◆ To do ◆
Would you reproduce the whole listing exactly, dropping any pictures it holds?

◆ Dataset content ◆
────

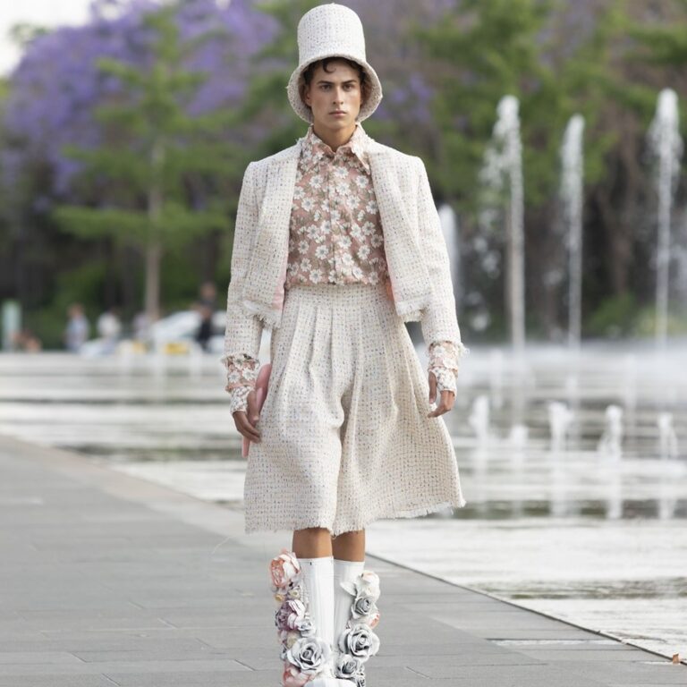 Inspirada en un paseo en barca, la muestra fue un despliegue de tejidos vaporosos que parecían flotar, lazos que dialogaban con flores en tonos pastel y siluetas alejadas del binarismo para abrazar lo etéreo. Benavente se mostró fiel a su estética: tonos empolvados, piezas artesanales, una confección meticulosa y una identidad clara que se va consolidando con los años.
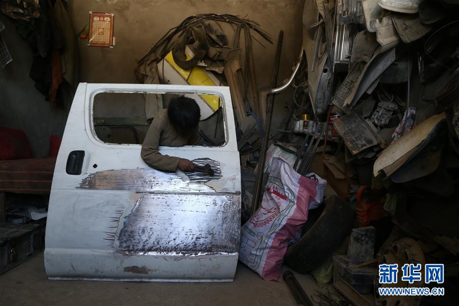 6月12日,在阿富汗东部加兹尼省,一名儿童在修车铺里工作。 童工现象由来已久,目前全球范围内童工问题依然严峻。贫困和连年战乱给阿富汗带来巨大伤害,大批儿童和少年成为童工。 新华社发(赛义德·莫明扎达 摄)
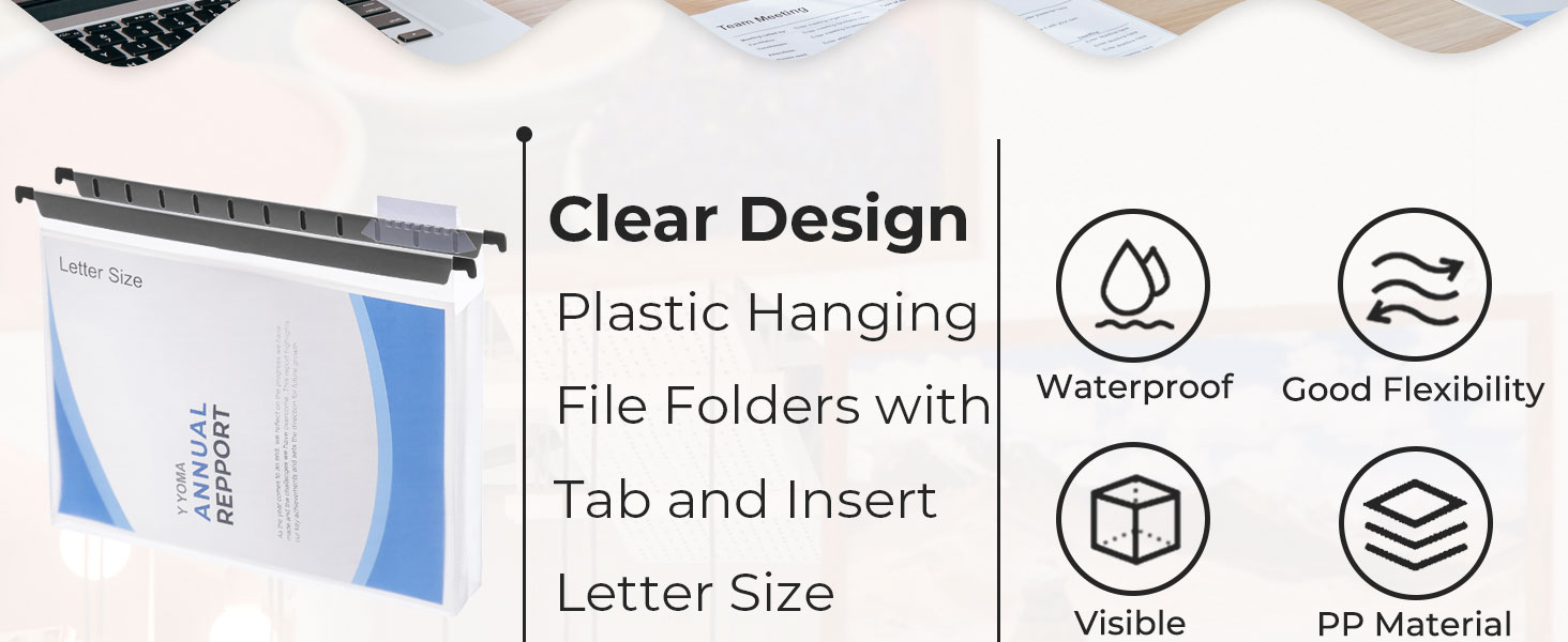 Y YOMA Plastic Extra Capacity Hanging File Folder, Letter Size, 2” Expansion, 6 Pack Clear Reinforced Expanding Hanging Folders with Tabs, Heavy Duty Waterproof Accordion for Bulky Files
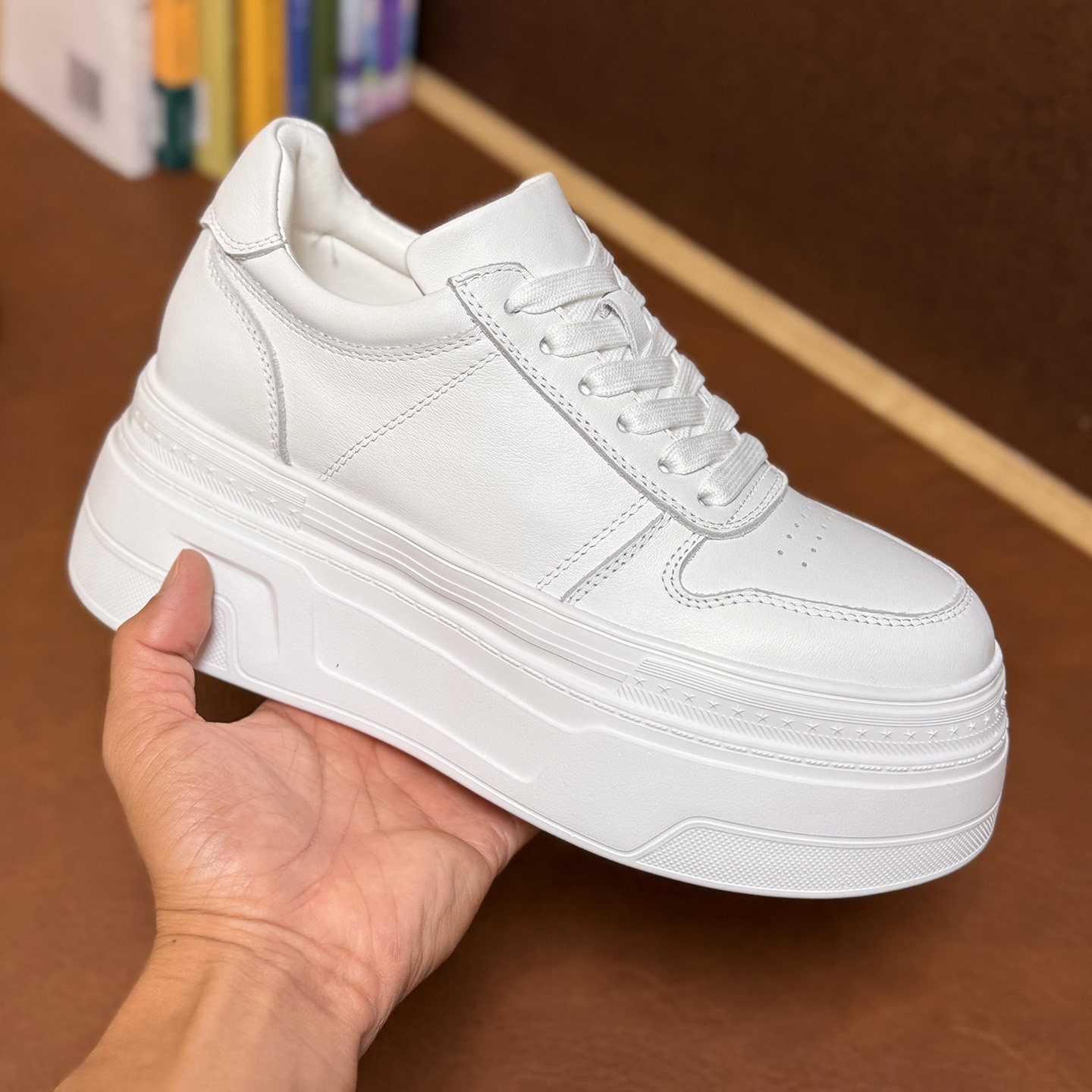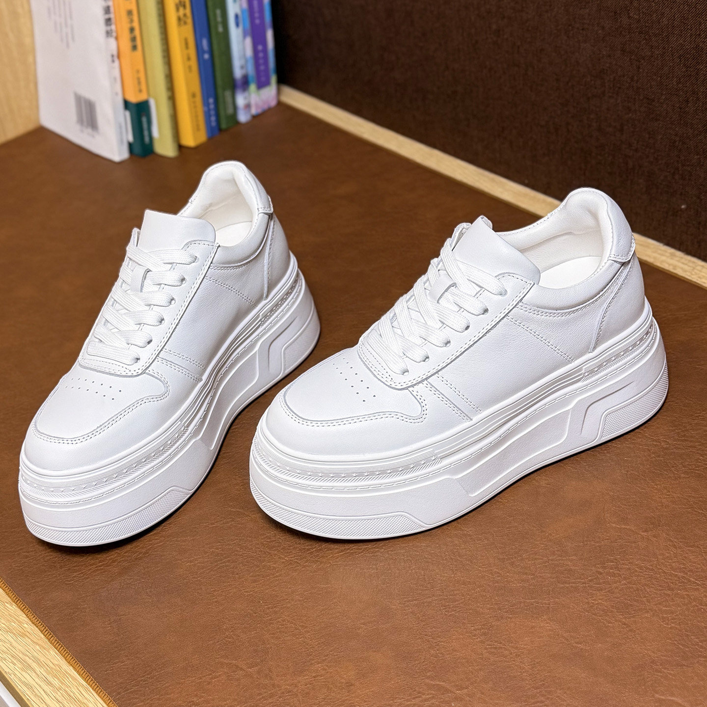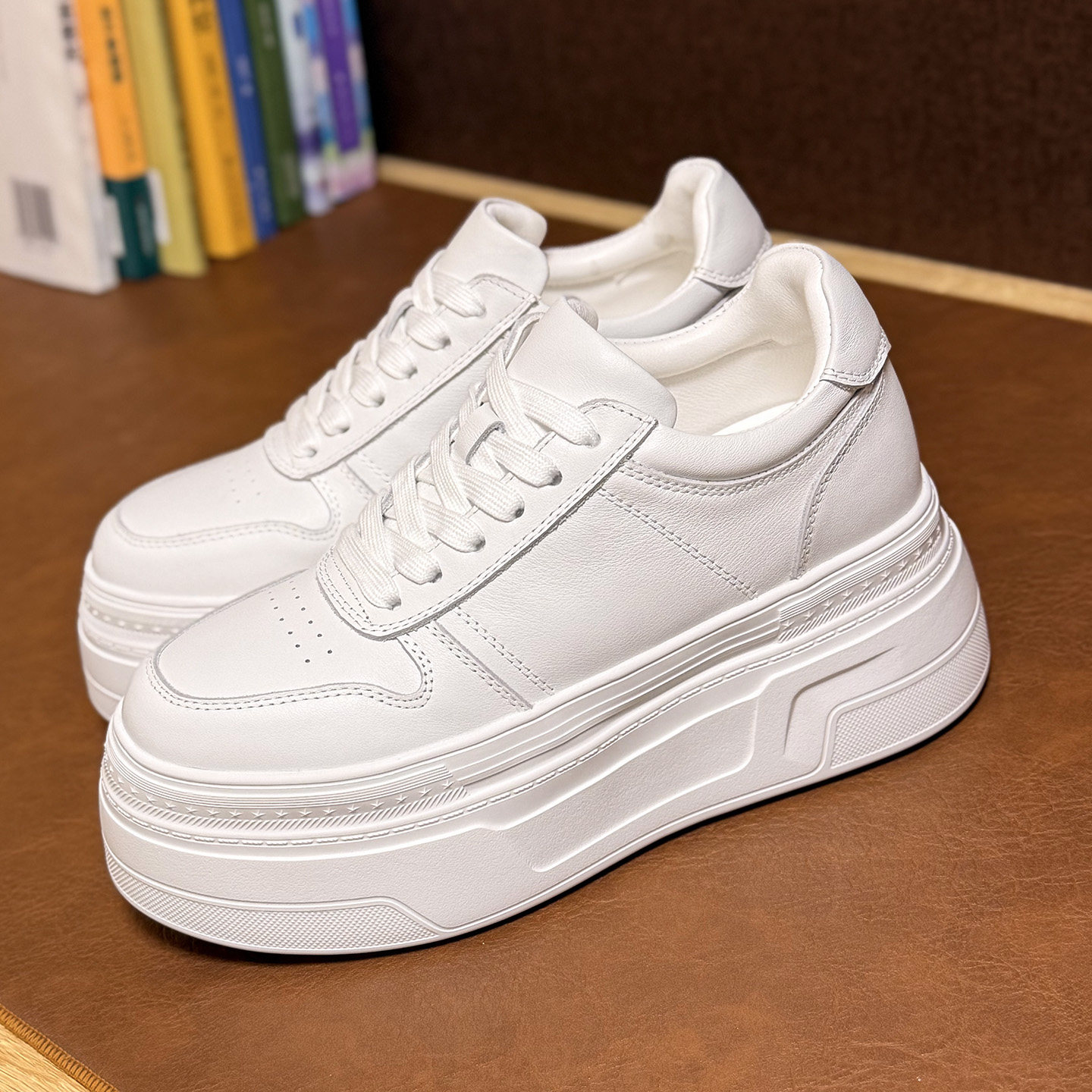 轻便松糕厚底内增高8-10cm女款2026新款春款真皮显脚小个子小白鞋

────

◆ Response box ◆
 Inspirada en un paseo en barca, la muestra fue un despliegue de tejidos vaporosos que parecían flotar, lazos que dialogaban con flores en tonos pastel y siluetas alejadas del binarismo para abrazar lo etéreo. Benavente se mostró fiel a su estética: tonos empolvados, piezas artesanales, una confección meticulosa y una identidad clara que se va consolidando con los años.
 6月12日,在阿富汗东部加兹尼省,一名儿童在修车铺里工作。 童工现象由来已久,目前全球范围内童工问题依然严峻。贫困和连年战乱给阿富汗带来巨大伤害,大批儿童和少年成为童工。 新华社发(赛义德·莫明扎达 摄)
 Y YOMA Plastic Extra Capacity Hanging File Folder, Letter Size, 2” Expansion, 6 Pack Clear Reinforced Expanding Hanging Folders with Tabs, Heavy Duty Waterproof Accordion for Bulky Files
 轻便松糕厚底内增高8-10cm女款2026新款春款真皮显脚小个子小白鞋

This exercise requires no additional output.